For many years now, environmentalists have urged the world to stop manufacturing harmful CFC (chlorofluorocarbons) chemicals that destroy our upper ozone layer, such as freon refrigerants used in air conditioners. The international community agreed on the Montreal Protocol in 1987 to provide strict guidelines to limit the use of ozone-depleting substances in order to restore the ozone layer.

While the status of our atmospheric ozone layer has been improving over the last few years, a ‘hole’ still reappears annually between August to October in the Southern Hemisphere.

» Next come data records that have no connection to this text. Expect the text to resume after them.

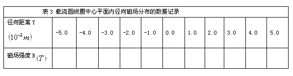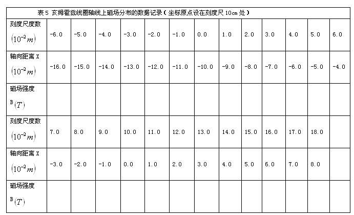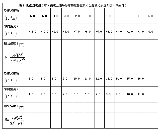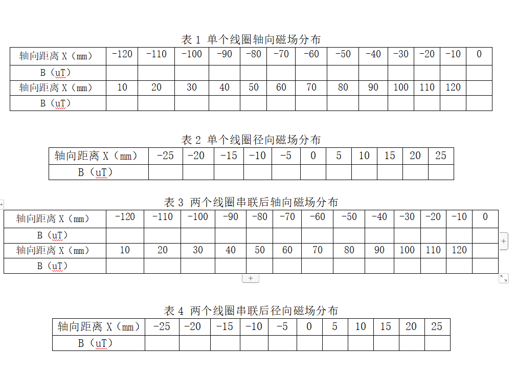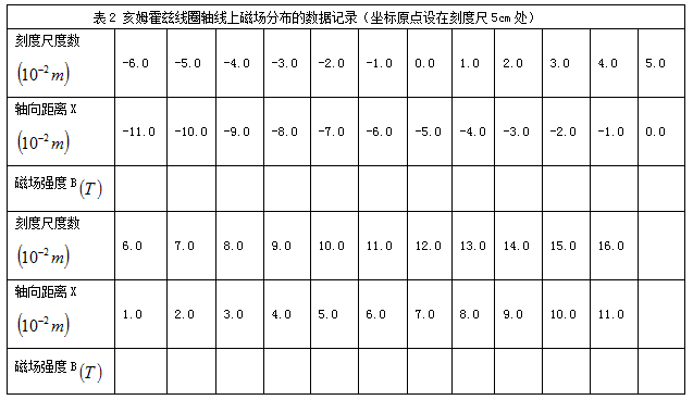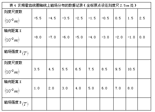 (3)使励磁电流I=0.400A,以圆电流线圈中心为坐标原点,每隔1.0cm测一个B值,测量过程中注意保持励磁电流值不变;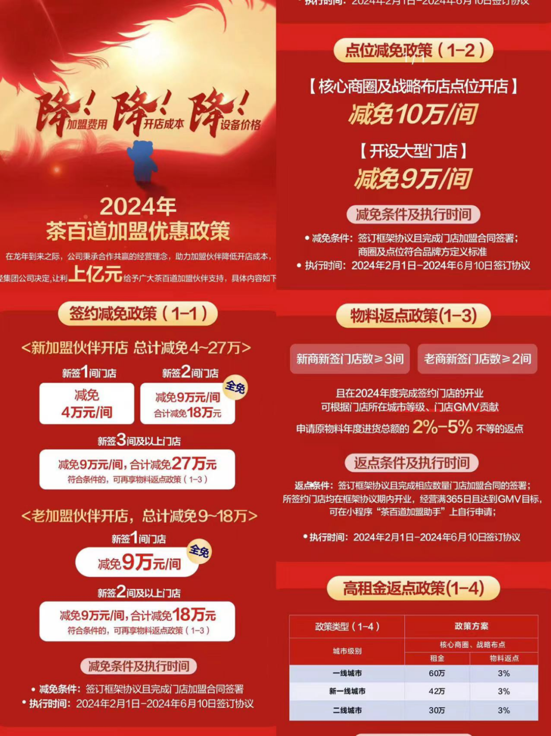 茶百道,新加盟商新簽3家,老加盟商新簽兩家,可申請原物料年度進貨總額的 2%一5%不等的返點。高租金也可以拿3%的物料返點。而且加盟伙伴推薦新客戶成功開店的,加盟伙伴可享原物料返點5000元。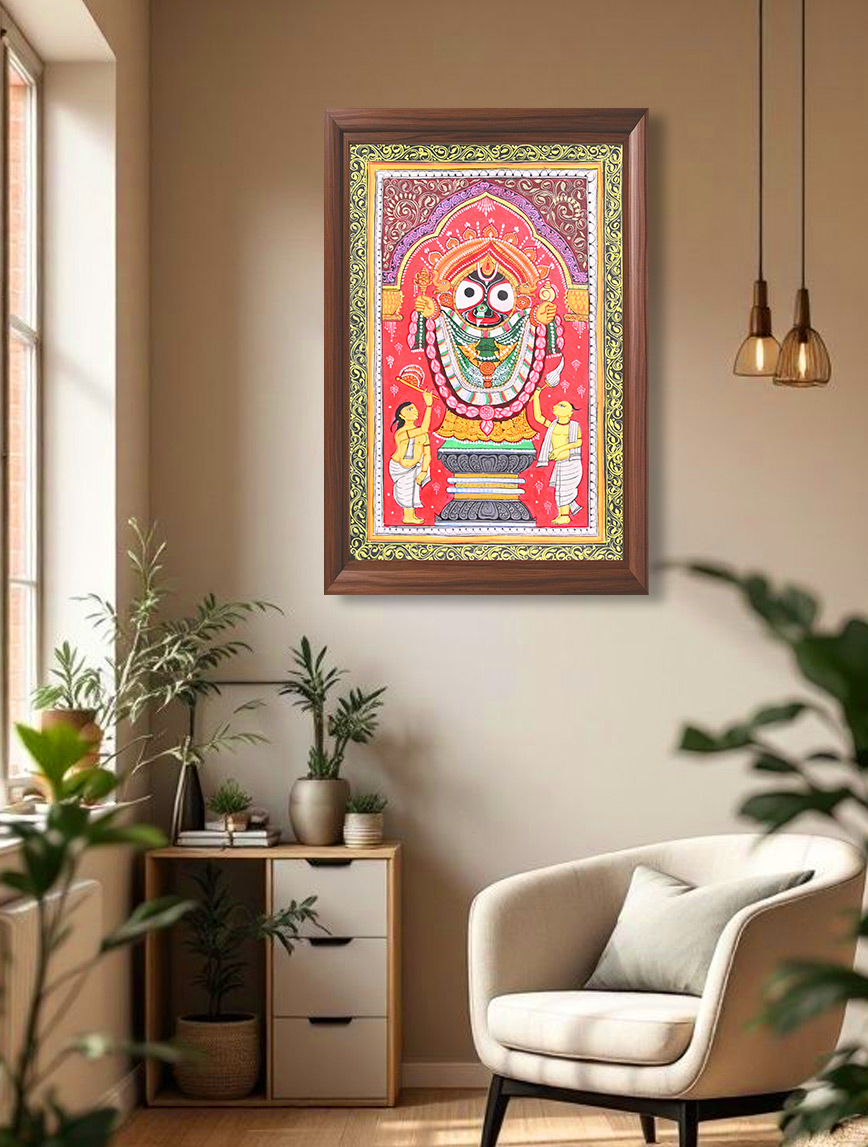Lord Jagannath i inside Temple-Divine Patachitra Wall Décor. WITHOUT FRAME ( 12 x 18 Inch)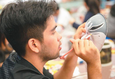 圖為一名華裔青少年在進行臉譜繪畫。MAp安康新聞網(wǎng)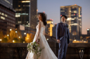 石造りの外壁、アール型の窓、鉄の扉や街灯と、明治生命館のゴージャスな建築意匠が西陽に美しく照らされ、クラシックなタキシードとドレス姿を美しく引き立ててくれます。

Bad Ozone: Ground-level Ozone & Impact on Health

Ground-level ozone is considered a secondary pollutant, created as a byproduct of man-made pollution released by fossil-fuel vehicles, factories, power and chemical plants, and other sources in the presence of sunlight.

Ozone also contributes to the typical “smog” or “haze” phenomenon we may experience in the summertime, although it can occur all year long in some regions.

How is Ground-level Ozone Formed?

VOC and NOx emissions from fossil-fuel-based/powered vehicles, power plants, industrial boilers, refineries, chemical plants, and other sources can undergo a chemical reaction in the presence of sunlight, forming ozone.

Additional factors that contribute to the creation of this ‘bad ozone’ are heat and sunlight, which is why ground-level ozone levels tend to increase during the summertime.

While ozone can also descend from the upper atmosphere to lower parts (troposphere), and although VOCs and NOx pollution can occur naturally in some capacity, the majority of ground-level ozone occurs as a byproduct of man-made air pollution.

Ground-level Ozone Pollution & Impact on Health

Ozone exposure can have a different impact depending on population group and sensitivity factors.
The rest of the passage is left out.